Work instruction – An exact reproduction of the listing is wanted, with the pictures dropped.

Data block –
'''
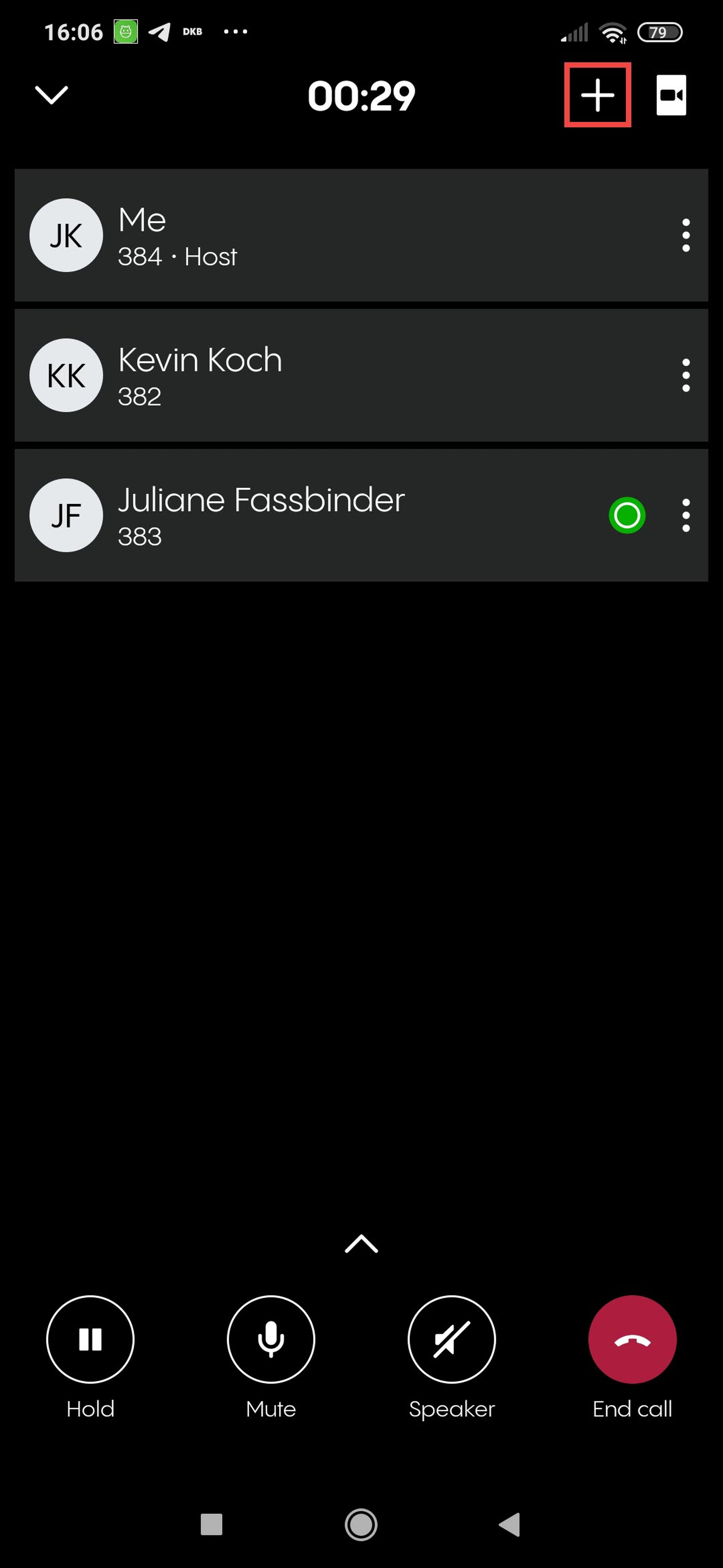 1. Once you have started a conference, you can use the + button in the upper right-hand corner to add new participants.
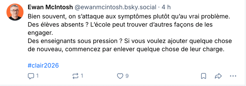 Ewan McIntosh a aussi évoqué un changement de culture marquant. En 2012, rappelle-t-il, la communauté éducative se rassemblait autour du partage d’idées : blogues, liens, réflexions ouvertes, conversations publiques. Aujourd’hui, estime-t-il, nous sommes davantage réunis par l’attention et donc par la distraction. Le contact humain s’amenuise. Les échanges se fragmentent. Et malheureusement, l’école n’échappe pas à cette dynamique.
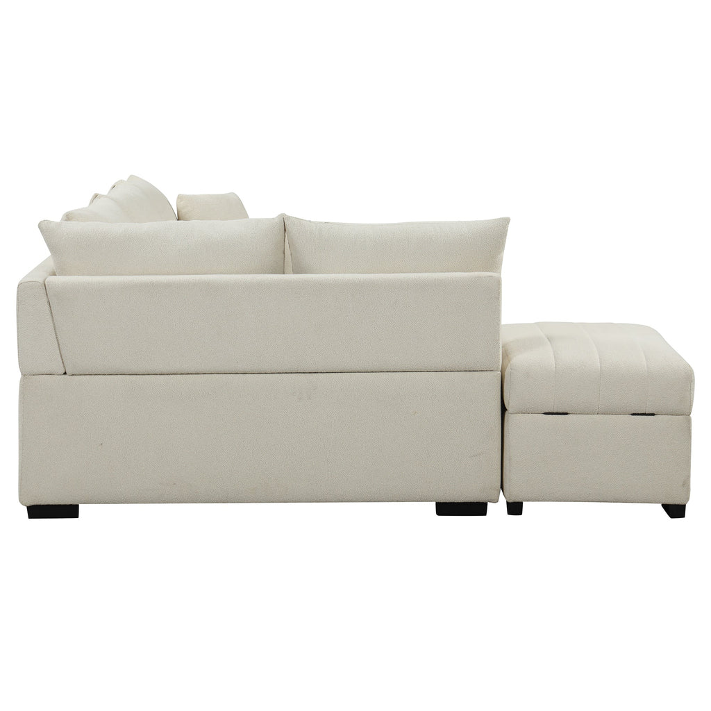 - Sectional Pull Out Sofa Bed - This L-shaped sofa features a pull-out bed that quickly converts into a guest bed for lounging with the assistance of two hand straps and smooth wheels. It is very convenient for visiting family and friends.
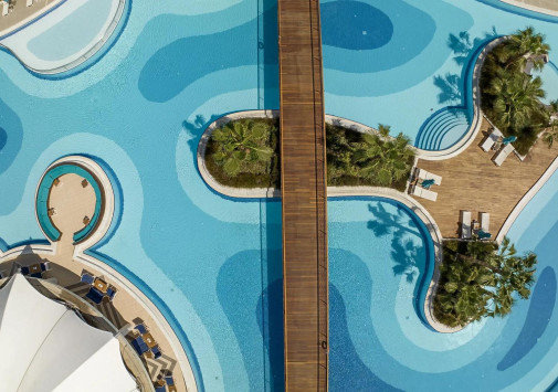 В отеле имеются комплекс открытых бассейнов, включая главный бассейн (2960 м2), подогреваемый бассейн с морской водой, бассейн для взрослых, 6 бассейнов-лагун, аквапарк с детской зоной и водными горками (в числе которых “Рафтинг” высотой 130 м, “Чёрная дыра” (125 м), “Бади” (73 м), “Космос” и “Свободное падение” – высотой 39 м), а также крытые подогреваемые бассейны в Spa и фитнес-центрах.
'''
Task answer –
 1. Once you have started a conference, you can use the + button in the upper right-hand corner to add new participants.
 Ewan McIntosh a aussi évoqué un changement de culture marquant. En 2012, rappelle-t-il, la communauté éducative se rassemblait autour du partage d’idées : blogues, liens, réflexions ouvertes, conversations publiques. Aujourd’hui, estime-t-il, nous sommes davantage réunis par l’attention et donc par la distraction. Le contact humain s’amenuise. Les échanges se fragmentent. Et malheureusement, l’école n’échappe pas à cette dynamique.
 - Sectional Pull Out Sofa Bed - This L-shaped sofa features a pull-out bed that quickly converts into a guest bed for lounging with the assistance of two hand straps and smooth wheels. It is very convenient for visiting family and friends.
 В отеле имеются комплекс открытых бассейнов, включая главный бассейн (2960 м2), подогреваемый бассейн с морской водой, бассейн для взрослых, 6 бассейнов-лагун, аквапарк с детской зоной и водными горками (в числе которых “Рафтинг” высотой 130 м, “Чёрная дыра” (125 м), “Бади” (73 м), “Космос” и “Свободное падение” – высотой 39 м), а также крытые подогреваемые бассейны в Spa и фитнес-центрах.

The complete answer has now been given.